*** Block opens ***

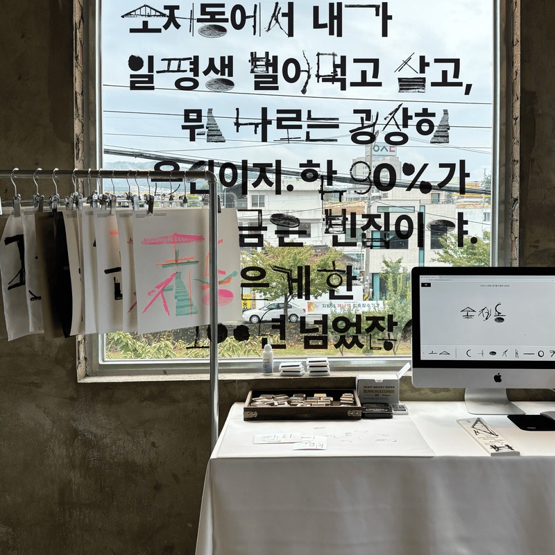 히라가나 연상법은 일본어 문자를 기억하기 쉽게 만드는 기법으로, 히라가나 글자와 연관된 이미지를 활용해 기억을 돕는다. 이 작품에서는 대전 동구 소제동의 사진과 주민 인터뷰에서 추출한 단어를 바탕으로 한글 레터링을 디자인하였으며 히라가나 연상법의 아이디어를 적용하여 일본어 문자와 소제동의 특성을 시각적으로 결합하였다. 이를 통해 소제동의 역사와 감정을 문자와 시각적 요소로 효과적으로 표현하고 있다.
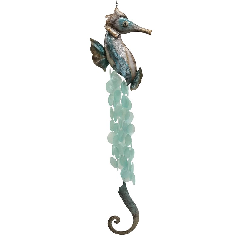 Bamboo Source Tropical Decor Capiz Shell and Metal Seahorse Wind Chime 2390 42 Inches x 10 Inches
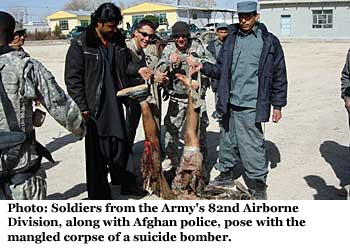 نشرت صحيفة أمريكية، صورا لجنود أمريكيين يظهرون يتلاعبون مع جثث مسلحين أفغان مشوهة، لالتقاط صور تذكارية، وقالت صحيفة "لوس أنجليس تايمز"، إن جنود الفرقة 28 الجوية كانوا بمركز شرطة في اقليم زابول الافغاني في فبراير 2010، وعادوا لزيارته بعد عدة أشهر، والتقطت الصور في المناسبتين.
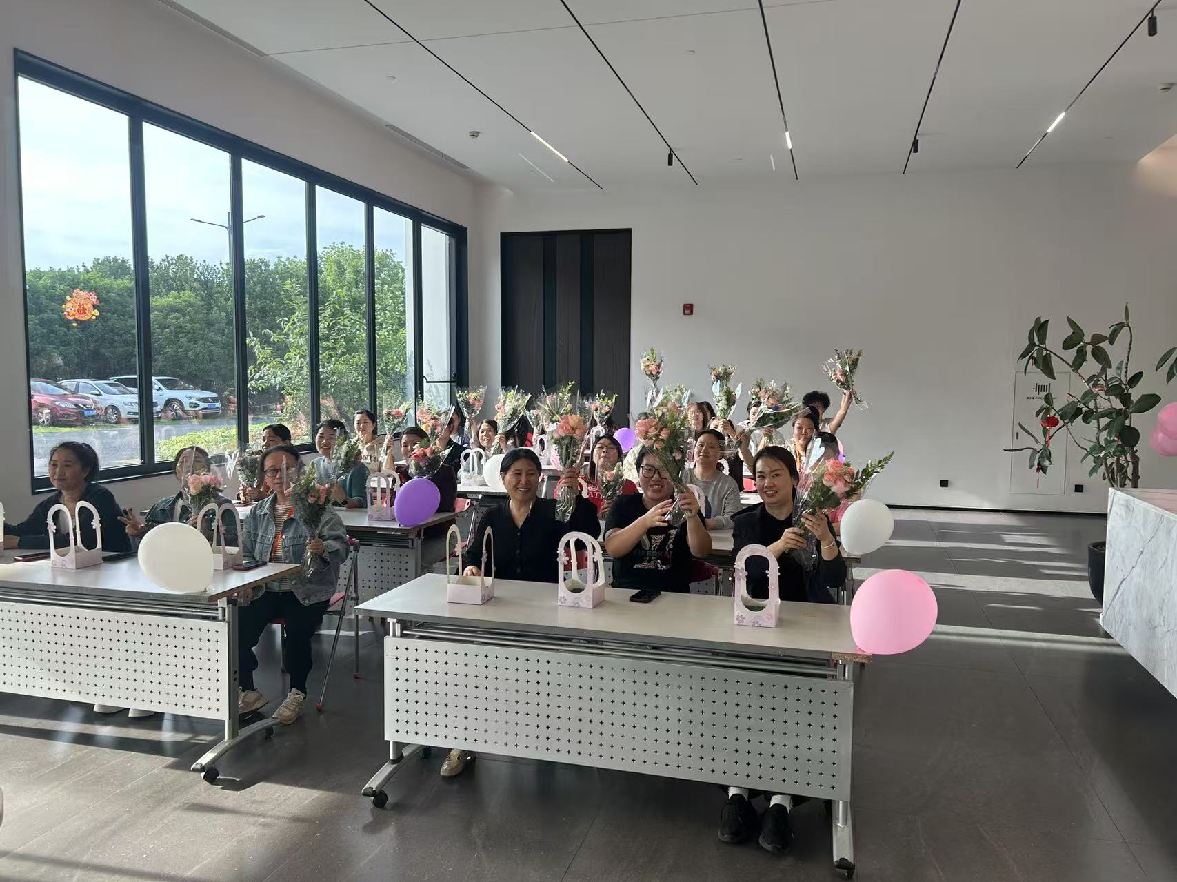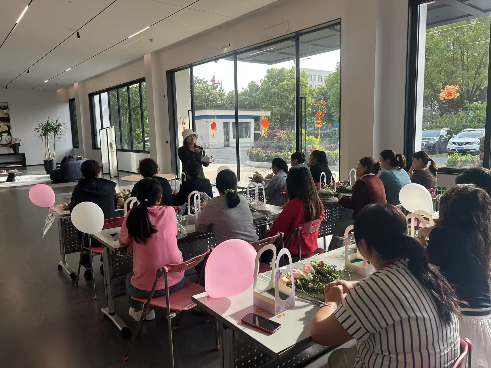 5月9日下午,博创科技股份有限公司(股票代码:300548.SZ)一楼大厅内,“以花寄情,感恩母爱”母亲节专属插花活动温馨展开。
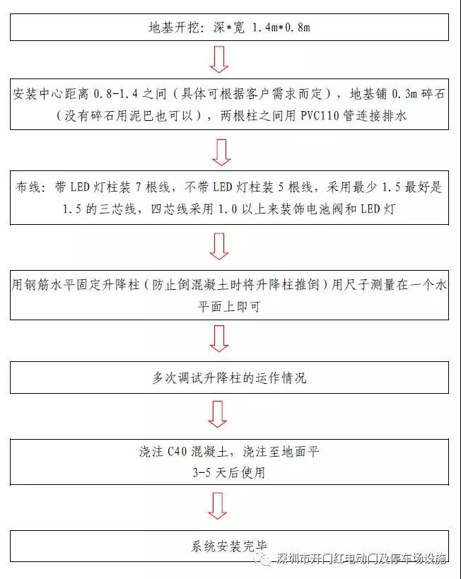 1.升降柱体。采用304国标不锈钢组成(无缝钢管)焊接而成,具有高强的承重和抗撞能力;柱体内无电器、线路设置,防水、安全。该装置埋设在车道上或大门的指定位置,通过值班人员的指令限制车辆通行。
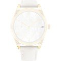 Ce bracelet de montre Tommy Hilfigerest fait de cuir et est attaché à la montre au moyen de Épingles à ressort. Le bracelet a une taille de 18 mm et se ferme au moyen d'un boucle. Le bracelet est doté d'une monture droite, ce qui signifie qu'il convient à toutes les montres de la Tommy Hilfiger dotées d'une monture droite..

*** Block closes ***

Leave out every picture and copy verbatim the lines running from the line containing "نشرت صحيفة أمريكية،" through the final line of the data.

 نشرت صحيفة أمريكية، صورا لجنود أمريكيين يظهرون يتلاعبون مع جثث مسلحين أفغان مشوهة، لالتقاط صور تذكارية، وقالت صحيفة "لوس أنجليس تايمز"، إن جنود الفرقة 28 الجوية كانوا بمركز شرطة في اقليم زابول الافغاني في فبراير 2010، وعادوا لزيارته بعد عدة أشهر، والتقطت الصور في المناسبتين.
 5月9日下午,博创科技股份有限公司(股票代码:300548.SZ)一楼大厅内,“以花寄情,感恩母爱”母亲节专属插花活动温馨展开。
 1.升降柱体。采用304国标不锈钢组成(无缝钢管)焊接而成,具有高强的承重和抗撞能力;柱体内无电器、线路设置,防水、安全。该装置埋设在车道上或大门的指定位置,通过值班人员的指令限制车辆通行。
 Ce bracelet de montre Tommy Hilfigerest fait de cuir et est attaché à la montre au moyen de Épingles à ressort. Le bracelet a une taille de 18 mm et se ferme au moyen d'un boucle. Le bracelet est doté d'une monture droite, ce qui signifie qu'il convient à toutes les montres de la Tommy Hilfiger dotées d'une monture droite..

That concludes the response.